Wow, you made it here – that is a long way to go. Does it change the way you look at the recap video a little? Thing is, is I am not just happy and positive and my life is not sunny by itself, but rather because I’m working on it – constantly picking up the thread, trying to make things better, using things that go wrong to see how to tackle them, appreciate what I can learn from them and challenge myself to find something positive in them. So, I hope this helps remind you that when you are looking at someones life from the outside, you can trust that every person has their share of effort, of fears, of negative moments. I hope this inspires compassion and interest to look a little beneath the surface, if you have the capacity.

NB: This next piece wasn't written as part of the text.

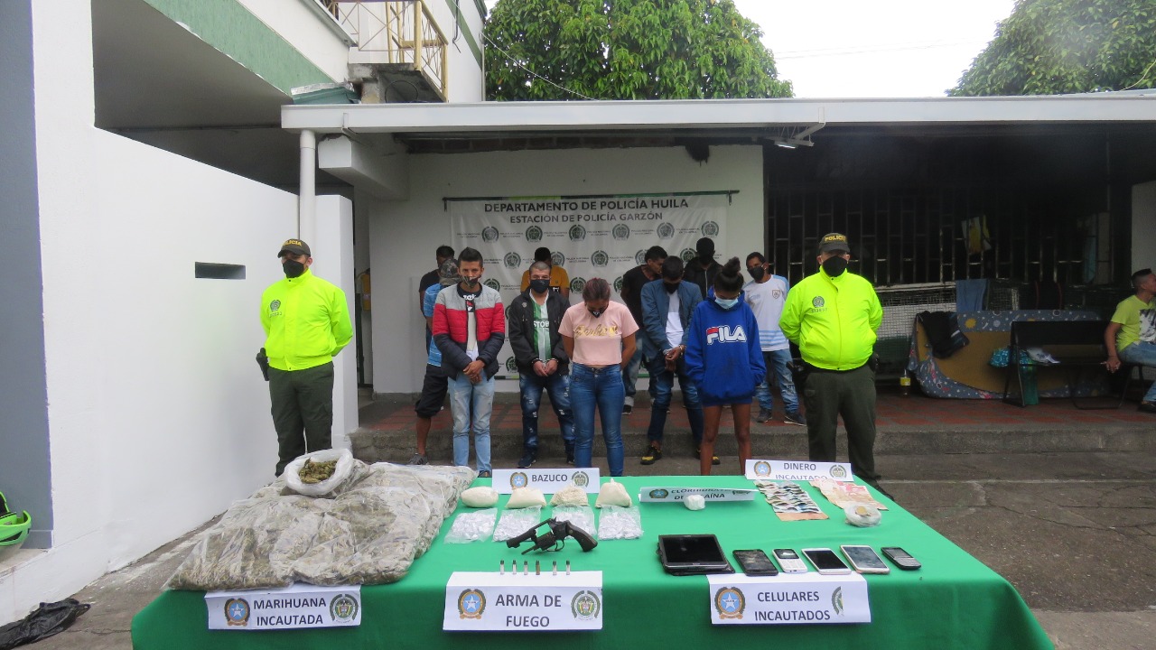 Igualmente se logró la incautación de un arma de fuego tipo revólver con 6 cartuchos, 5 kilos de marihuana, 620 dosis de bazuco, 40 dosis de cocaína, 6 celulares incautados y dinero efectivo al parecer producto de la venta.

And now, I’m very curious what 2017 will bring 🙂 I’m looking forward to take all the good and bad, all the successes and failures, all the obstacles that help me change and transform. And I am happy for all the lessons I learned last year, the most important: that being curious, perceptive and interested in other people can be trained and is very rewarding. Keeping an open, interested mindset. Listening and asking questions instead of talking. Getting to know their point of view without judging or prejudices. Showing them appreciation.